Query query = Query.of(q -> q
    .multiMatch(mm -> mm
        .query("token refresh")
        .fields("title^2", "body")
        .type(TextQueryType.BestFields)
    )
);

List<ScoreBreakdown> breakdowns = inspector.batchExplain(
    "docs-v1",
    query,
    List.of(
        "tenant-acme:quick-start-auth",
        "tenant-acme:oauth2-token-refresh"
    )
);

for (ScoreBreakdown bd : breakdowns) {
    System.out.println("=== " + bd.documentId() + " (score: " + bd.totalScore() + ") ===");
    System.out.println(bd.explanationTree());
}

The output reveals the cause. The Quick Start Guide has “token” in its title (double-weighted) and “refresh” in its body. The OAuth2 page has both terms in its body but neither in its title. The title boost of 2x applied to even a single matching term outweighs two body matches.

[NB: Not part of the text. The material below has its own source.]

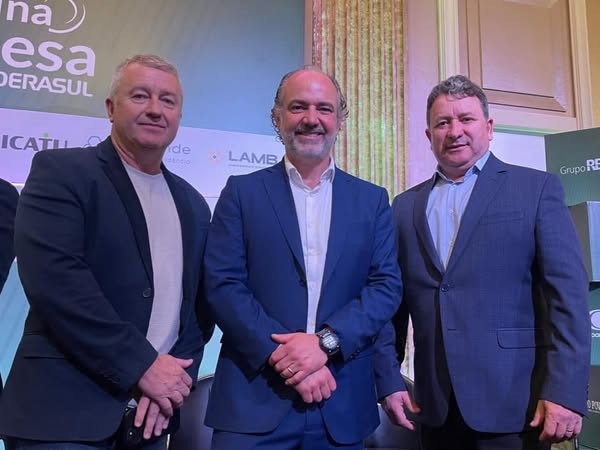 Na foto: Danilo Dal Zot Flores, Vice-presidente da Área de Agronegócio da ACIC, Rodrigo Sousa Costa, Presidente da Federasul, e Josué de Oliveira Prestes, Presidente da ACIC.

=== tenant-acme:quick-start-auth (score: 5.2341) ===
5.2341 sum of:
  3.4102 max of:
    3.4102 weight(title:token) [BM25]  <-- title match, boosted 2x
    0.8921 weight(body:token) [BM25]
  1.8239 max of:
    0.0000 weight(title:refresh) [BM25]  <-- no title match
    1.8239 weight(body:refresh) [BM25]

=== tenant-acme:oauth2-token-refresh (score: 4.8712) ===
4.8712 sum of:
  2.9034 max of:
    0.0000 weight(title:token) [BM25]
    2.9034 weight(body:token) [BM25]
  1.9678 max of:
    0.0000 weight(title:refresh) [BM25]
    1.9678 weight(body:refresh) [BM25]

The fix is not to increase the boost. The fix is to recognize that the best_fields multi-match type rewards having any term in the title, even when the document is not fundamentally about that term. For this query pattern, the cross_fields type would treat the title and body as a single combined field, reducing the accidental title-match advantage.

The Measurement

Track explain output as part of the relevance evaluation pipeline. For the top 10 results of each test query, store the score breakdown. When a relevance change is deployed, compare the before and after breakdowns to understand not just whether NDCG changed, but why specific documents moved up or down.

The Decision Rule

Use the explain API for diagnostic purposes when a specific ranking is wrong. Do not use it as the primary tool for relevance tuning. The explain API answers “why did this document get this score?” The evaluation framework (chapter 9) answers “is the overall ranking getting better or worse?”

When explain output shows that a document ranks unexpectedly because of a single field match that outweighs more relevant content matches, the fix is in the query structure (multi-match type, field grouping), not in boost values. Boost values are a scalpel. Query structure is the operating table.